I couldn’t help but wonder how Japanese finance minister Takahashi Korekiyo led Japan to a period of strong economic expansion while other nations were mired in the Great Depression as detailed in this Ambrose Evans-Pritchard commentary last week.
Be that as it may, if QE as conducted is causing asset bubbles, then we should deploy central bank stimulus more creatively, should it prove necessary. We know how to do it. The methods were pioneered by Takahashi Korekiyo, who pulled Japan out of the Great Depression early in the 1930s. His brilliant feat is now the model for what Japan is (covertly) doing again under Abenomics.
Takahashi turned the Bank of Japan into an arm of the treasury – “fiscal dominance” – and ordered it to finance the budget deficit. You can deploy QE in any way you want. It could be used to build houses, injecting the money into the veins of the economy, instead of the veins of hedge funds. There is no reason why it cannot be administered by an independent Fed or Bank of England, choosing the calibration level as they see fit.
As it turns out, one rather large “vein” of the Japanese economy in the 1930s was military spending and this sector was the recipient of much of the budget deficit largess as detailed in Paul Kennedy’s excellent The Rise and Fall of Great Powers.

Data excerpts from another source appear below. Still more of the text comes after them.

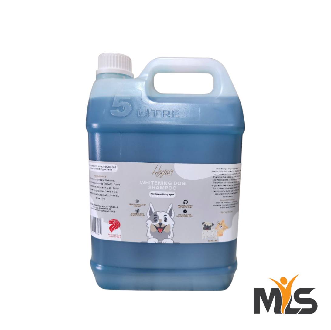 Whitening Dog Shampoo is specially formulated to be tear-free as it does not contain any SLES. The blue dye used is pet friendly and food grade. It color corrects yellowish fur to look whiter and brighter to restore the glow of the fur. It deep cleanses the fur to remove any build up in the dog coat, leaving fur refreshed and clean.
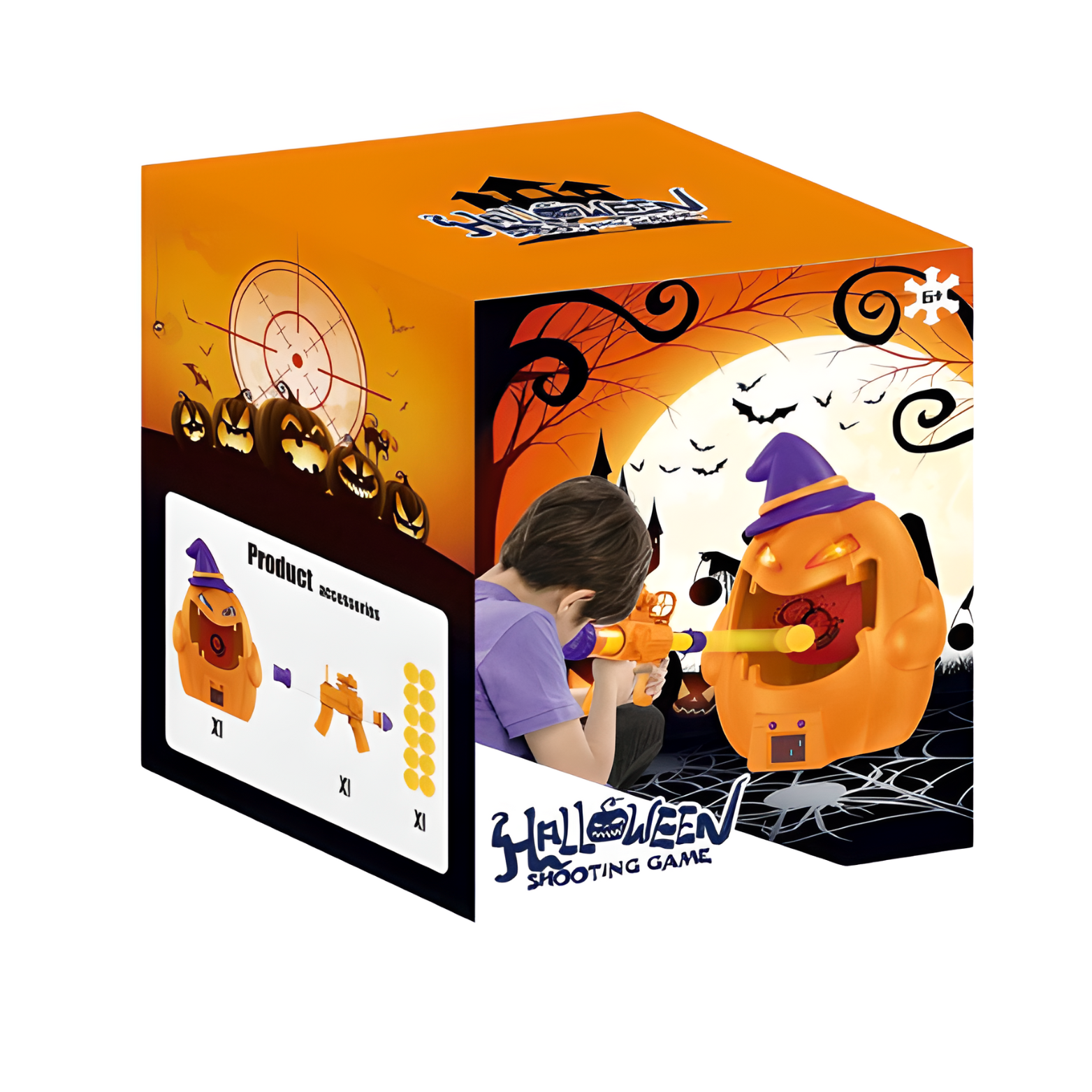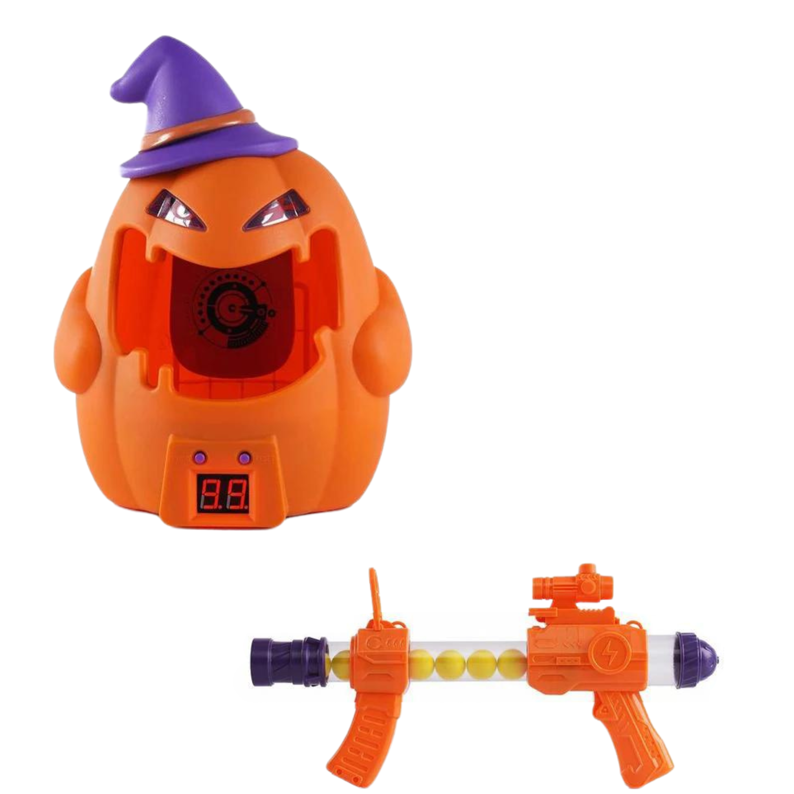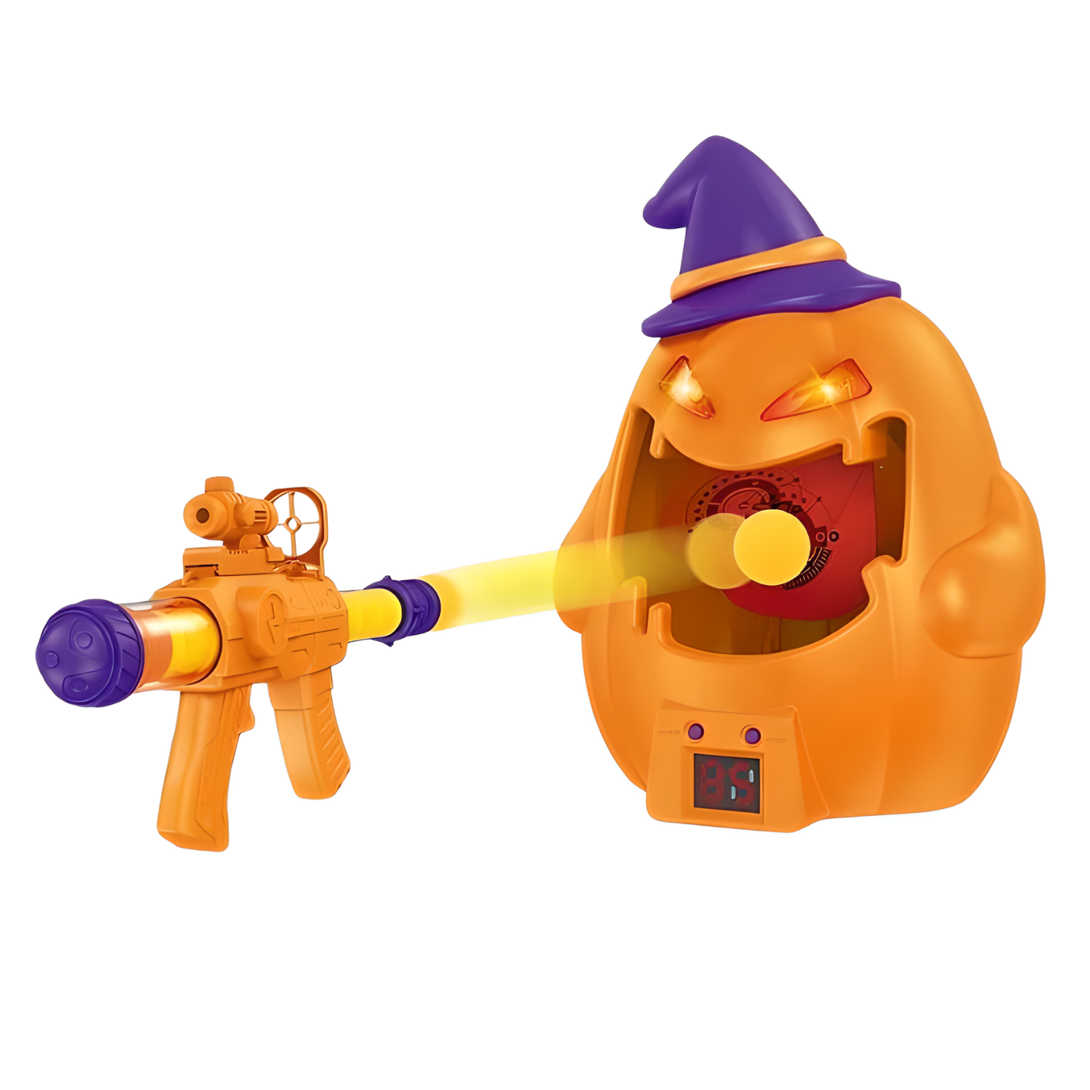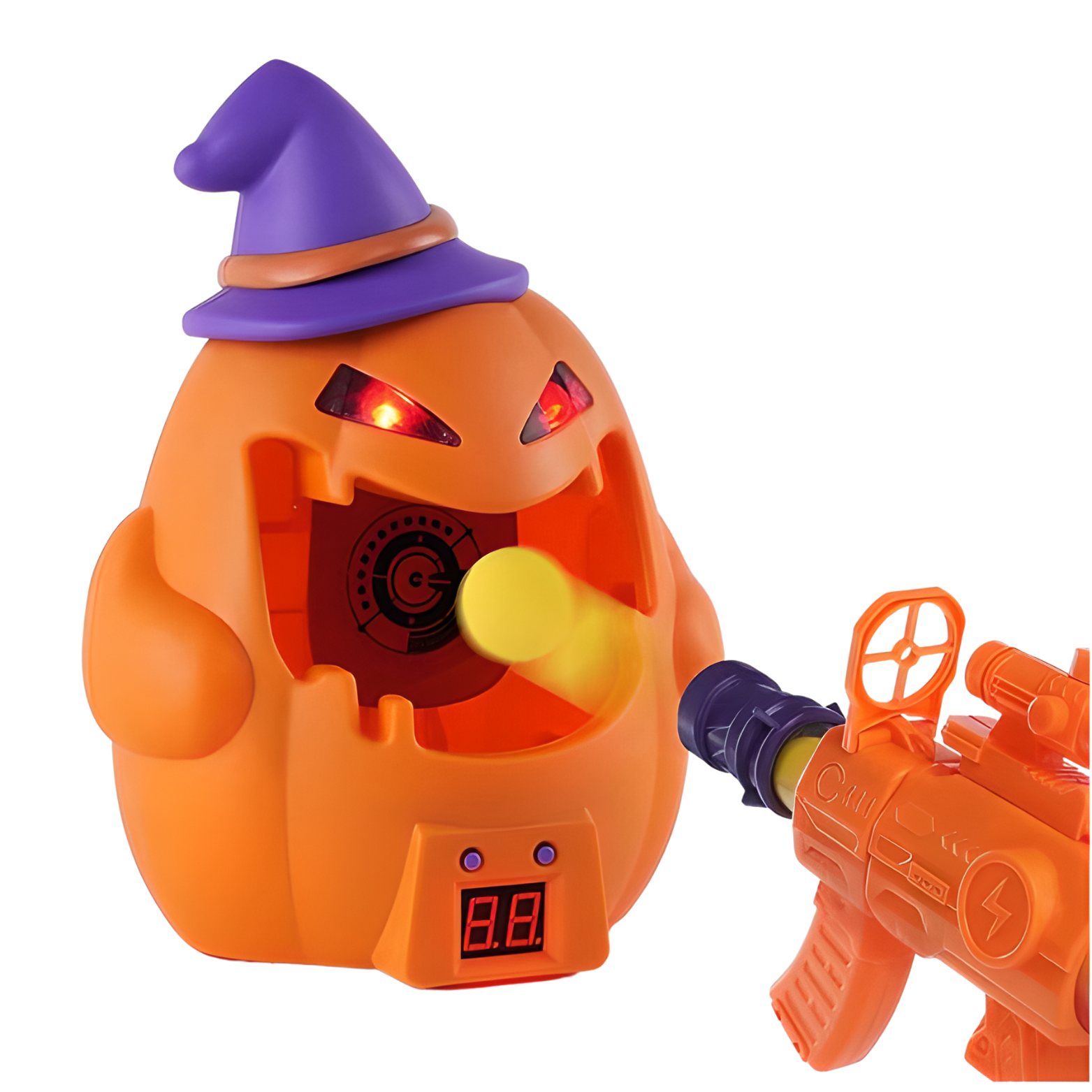 W skład zestawu wchodzi dynia z licznikiem celnych strzałów, specjalny pistolet na piłeczki oraz 12 piłeczek z pianki. Celem zabawy jest trafienie jak najwięcej razy w cel, a każdy celny strzał wyświetli się na wyświetlaczu i spowoduje wydanie dźwięku. Efekty świetlne i dźwiękowe dodają emocji do rozgrywki i sprawiają, że gra staje się jeszcze atrakcyjniejsza.
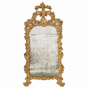SPECCHIERA, GENOVA, PRIMA METÀ SECOLO XVIII in legno intagliato e dorato, cimasa lavorata a giorno con [..]

Despite – and in some ways because of – these economic difficulties, the finance ministry under Takahashi was willing to borrow recklessly in the early 1930s in order to allocate more to the armed services, whose shares of government spending rose from 31 percent in 1931-1932 to 47 percent in 1936-1937; when he finally took alarm at the economic consequences and sought to modify further increases, he was promptly assassinated by the militarists, and armaments expenditures spiraled upward. By the following year, the armed services were taking 70 percent of government expenditures and Japan was thus spending, in absolute terms, more than any of the far wealthier democracies.